DATA FOR PROCESSING:
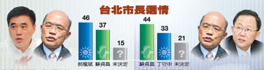 除了郝龍斌尋求連任,丁守中也傳出有意競逐臺北市長寶座。不過,若國民黨改由丁守中出馬,則藍營優勢不再,蘇貞昌支持度四成四,領先丁守中十一個百分點,另有二成一未決定。
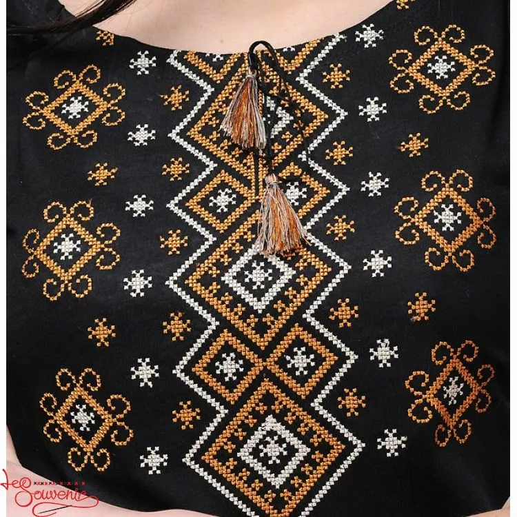 Жіноча вишита футболка оздоблена яскравим широким орнаментом на чорному тлі від гуртівні Leosouvenir чудово підкреслить Ваш неперевершений смак і стиль.
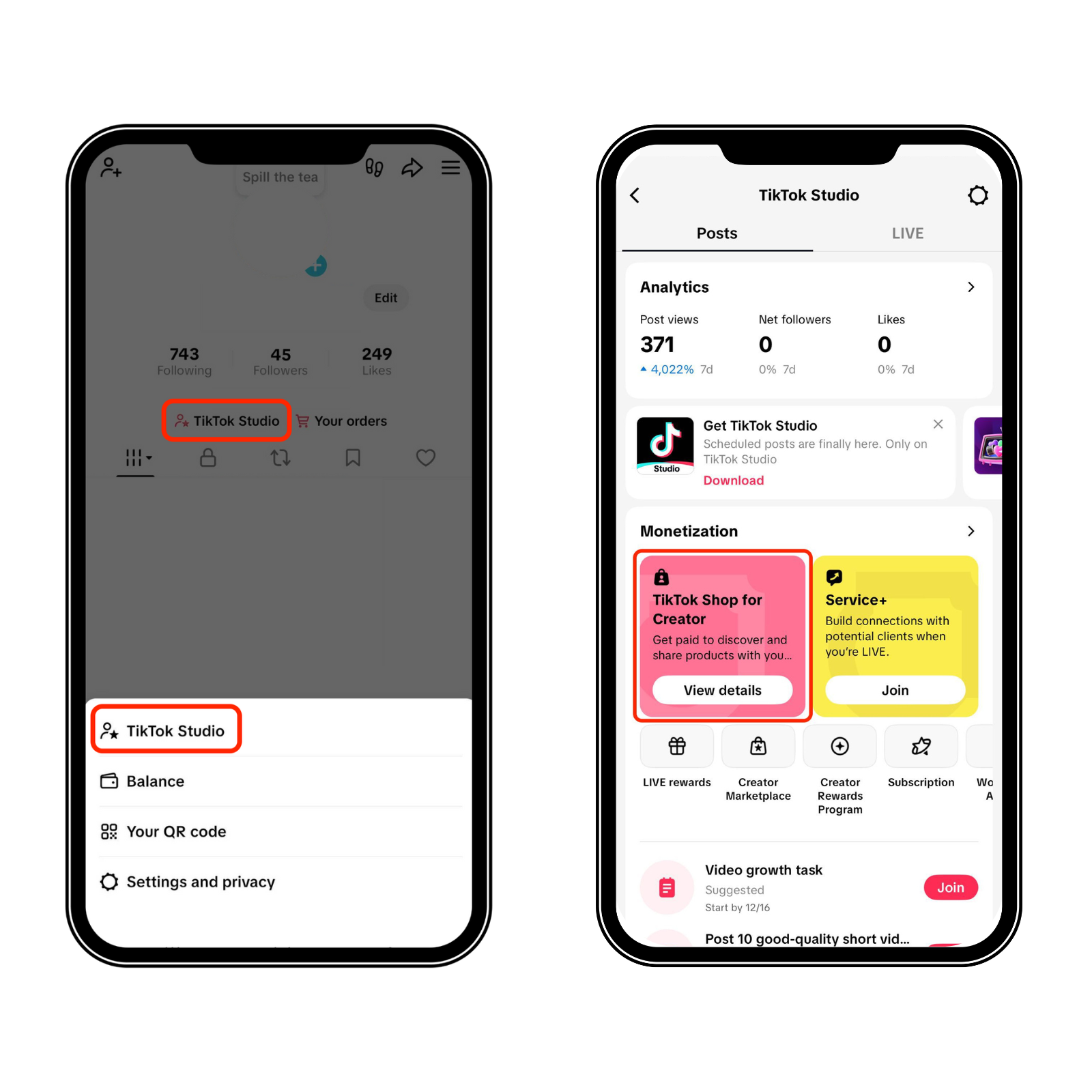第2步:在变现模块,选择“TikTok Shop达人” > 立刻加入
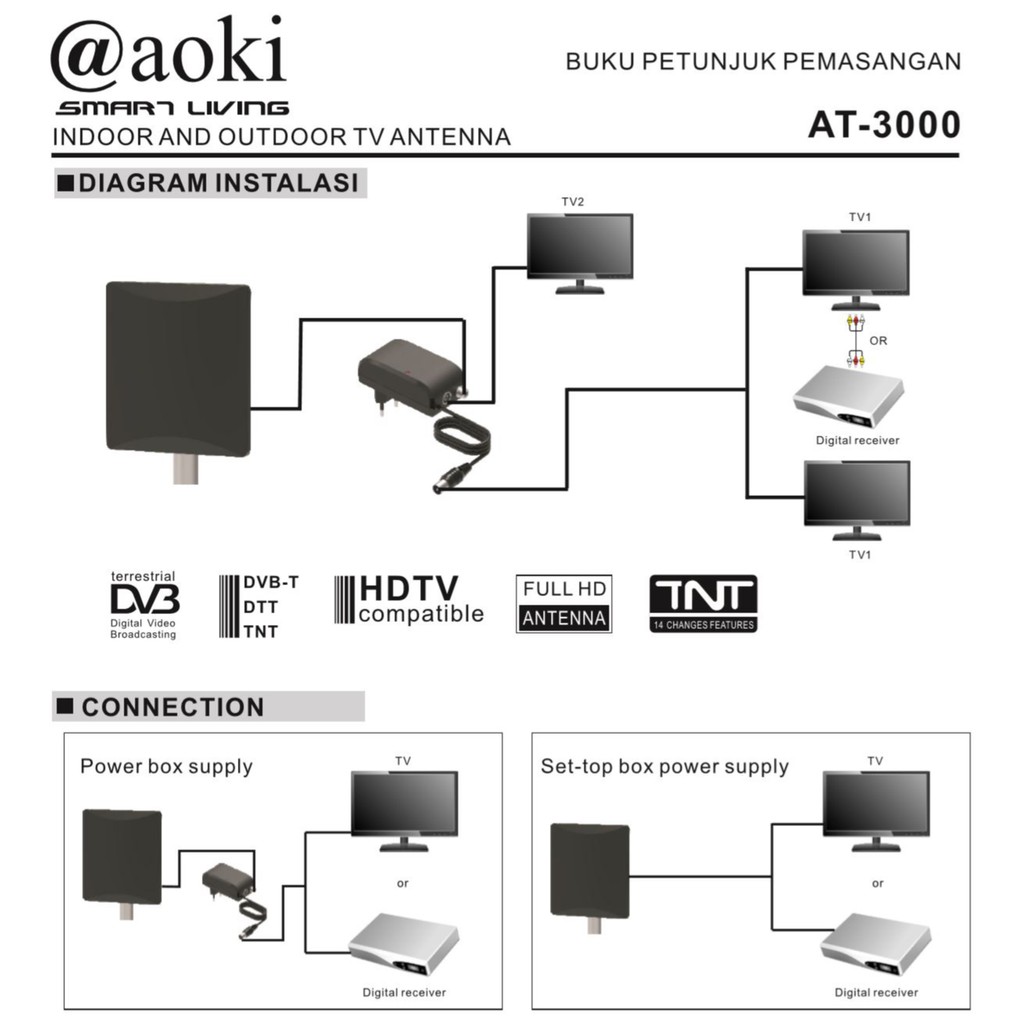 AOKI Antena 2 tv digital luar dalam indoor outdoor AT3000 | Shopee Indonesia
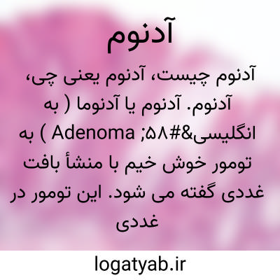 آدنوم. آدنوم یا آدنوما ( به انگلیسی: Adenoma ) به تومور خوش خیم با منشأ بافت غددی گفته می شود. این تومور در غددی مانند هیپوفیز، کولون، کبد، تیروئید، پاراتیروئید، غده فوق کلیوی و… تشکیل می شود. علائم آن اغلب ناشی از فشار بر بافتهای مجاور و ترشح هورمونهای مربوط به بافت منشأ می باشد. مثلاً آدنوم هیپوفیز با فشار بر بافتهای مجاور موجب تاری دید و سردرد شده و با ترشح هورمون رشد منجر به درشت پایانکی ( آکرومگالی ) می شود.
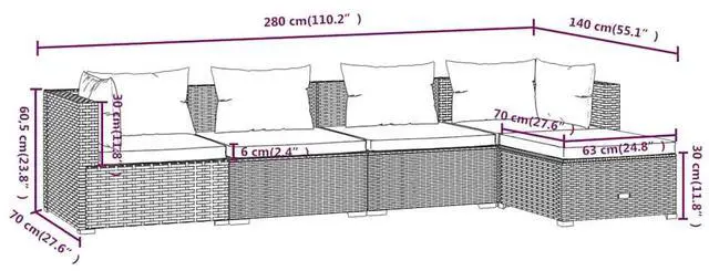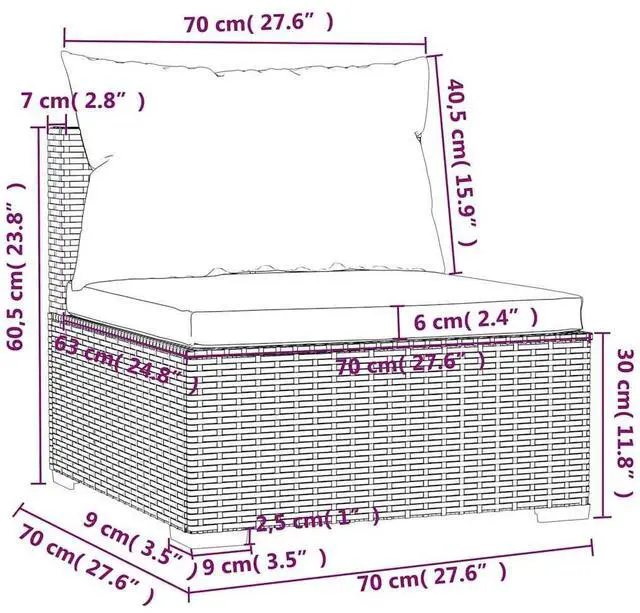 - Corner/Middle sofa dimensions (each): 27.6" x 27.6" x 23.8" (L x W x H)
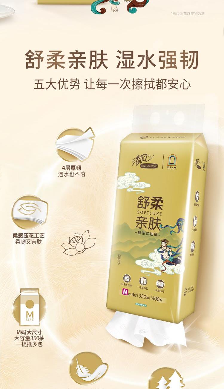 清风纸巾A敦煌IP款悬挂式抽纸4层350抽*1提
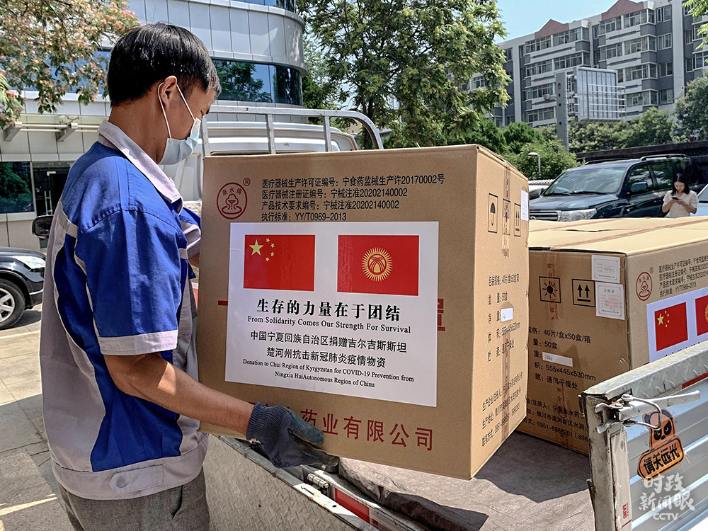 △今年7月份,宁夏回族自治区向吉尔吉斯斯坦楚河州捐赠了3万只一次性医用口罩。
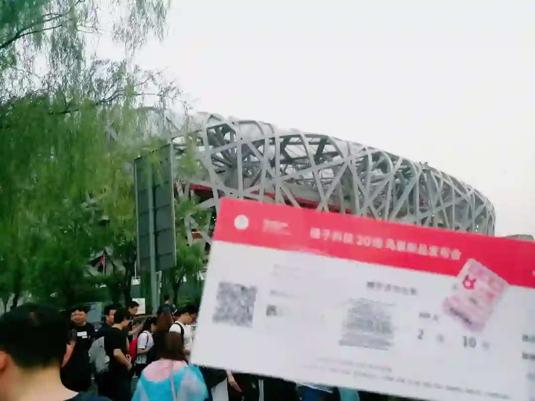 晚6点半,提前一个小时,我们来到了鸟巢附近。虽说知道这次老罗一定也会重新定义7点半,但第一个影响因素是——阵雨。
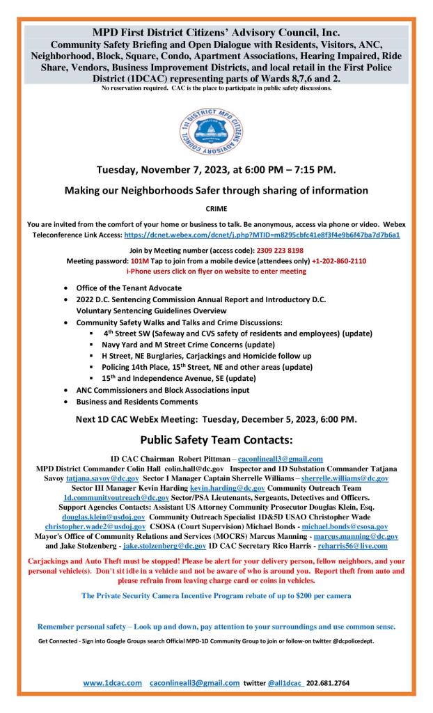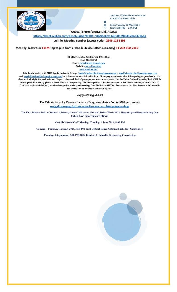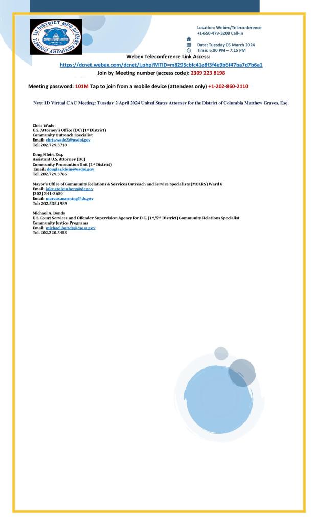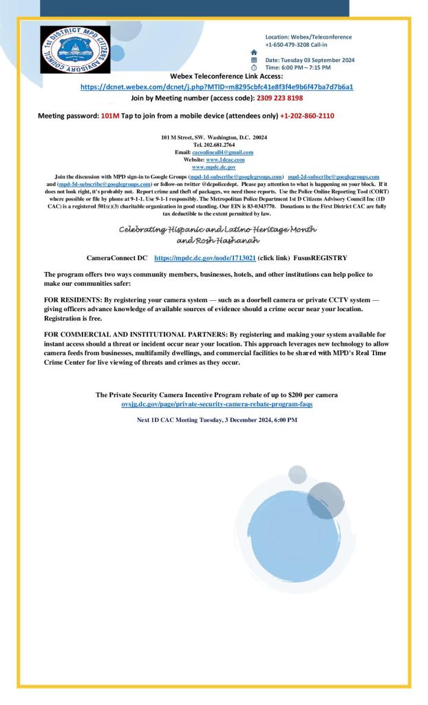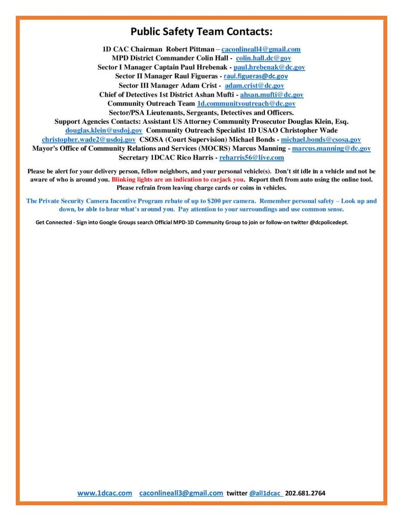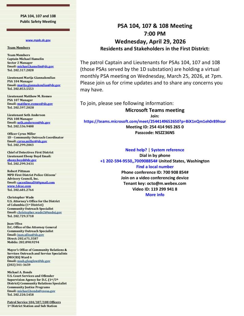 We are currently investigating a string of burglary reports in PSAs 104, 107, and 108. The suspect is described as an African American male, 20-30s, dark complexion, last seen wearing bright colored running shoes (yellow and/or orange), black long length shirt (Under Armor style), dark colored pants with a possible neon stripe. The suspect reportedly is targeting rear doors of private homes, kicking the doors to gain entry and stealing small property items of value (wallets, cell phones, jewelry, electronics etc.). The suspect may be committing these offenses between late evening and early morning hours. Please be certain to properly secure all doors and windows and report suspicious activities immediately by dialing 911. If a suspicious person is observed, please do not confront the subject but discretely call police immediately and provide your call back information if possible. Please provide a detailed description and last known direction of travel for responding officers. If possible, maintain sight of the subject from a safe distance while remaining on the telephone with the police dispatcher. At this time, there has been no personal injuries reported in these cases as the suspect appears to be targeting small property items of value only. Please pass this information along to your neighbors and contact our Command Information Center at 202-727-9099 or the First District Detectives Office on 202-299-2025 with any information you may have relative to these recent events.
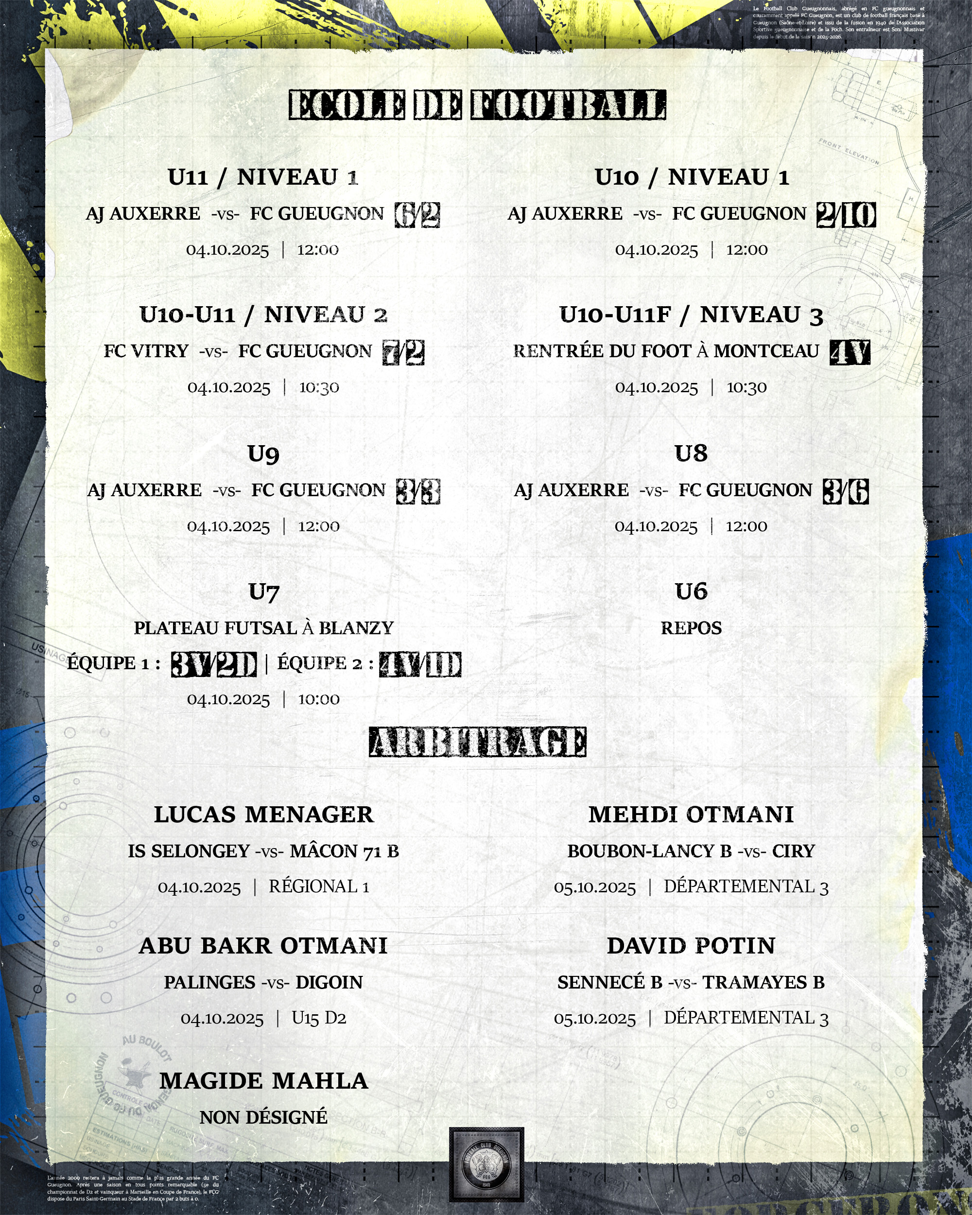[Agenda] Résultats du weekend du 04 et 05 Octobre 2025

ACTIVITY: Retype all of the entries exactly as written, leaving out any images.

RESULT FOR THIS EXERCISE:
 除了郝龍斌尋求連任,丁守中也傳出有意競逐臺北市長寶座。不過,若國民黨改由丁守中出馬,則藍營優勢不再,蘇貞昌支持度四成四,領先丁守中十一個百分點,另有二成一未決定。
 Жіноча вишита футболка оздоблена яскравим широким орнаментом на чорному тлі від гуртівні Leosouvenir чудово підкреслить Ваш неперевершений смак і стиль.
第2步:在变现模块,选择“TikTok Shop达人” > 立刻加入
 AOKI Antena 2 tv digital luar dalam indoor outdoor AT3000 | Shopee Indonesia
 آدنوم. آدنوم یا آدنوما ( به انگلیسی: Adenoma ) به تومور خوش خیم با منشأ بافت غددی گفته می شود. این تومور در غددی مانند هیپوفیز، کولون، کبد، تیروئید، پاراتیروئید، غده فوق کلیوی و… تشکیل می شود. علائم آن اغلب ناشی از فشار بر بافتهای مجاور و ترشح هورمونهای مربوط به بافت منشأ می باشد. مثلاً آدنوم هیپوفیز با فشار بر بافتهای مجاور موجب تاری دید و سردرد شده و با ترشح هورمون رشد منجر به درشت پایانکی ( آکرومگالی ) می شود.
 - Corner/Middle sofa dimensions (each): 27.6" x 27.6" x 23.8" (L x W x H)
 清风纸巾A敦煌IP款悬挂式抽纸4层350抽*1提
 △今年7月份,宁夏回族自治区向吉尔吉斯斯坦楚河州捐赠了3万只一次性医用口罩。
 晚6点半,提前一个小时,我们来到了鸟巢附近。虽说知道这次老罗一定也会重新定义7点半,但第一个影响因素是——阵雨。
 We are currently investigating a string of burglary reports in PSAs 104, 107, and 108. The suspect is described as an African American male, 20-30s, dark complexion, last seen wearing bright colored running shoes (yellow and/or orange), black long length shirt (Under Armor style), dark colored pants with a possible neon stripe. The suspect reportedly is targeting rear doors of private homes, kicking the doors to gain entry and stealing small property items of value (wallets, cell phones, jewelry, electronics etc.). The suspect may be committing these offenses between late evening and early morning hours. Please be certain to properly secure all doors and windows and report suspicious activities immediately by dialing 911. If a suspicious person is observed, please do not confront the subject but discretely call police immediately and provide your call back information if possible. Please provide a detailed description and last known direction of travel for responding officers. If possible, maintain sight of the subject from a safe distance while remaining on the telephone with the police dispatcher. At this time, there has been no personal injuries reported in these cases as the suspect appears to be targeting small property items of value only. Please pass this information along to your neighbors and contact our Command Information Center at 202-727-9099 or the First District Detectives Office on 202-299-2025 with any information you may have relative to these recent events.
[Agenda] Résultats du weekend du 04 et 05 Octobre 2025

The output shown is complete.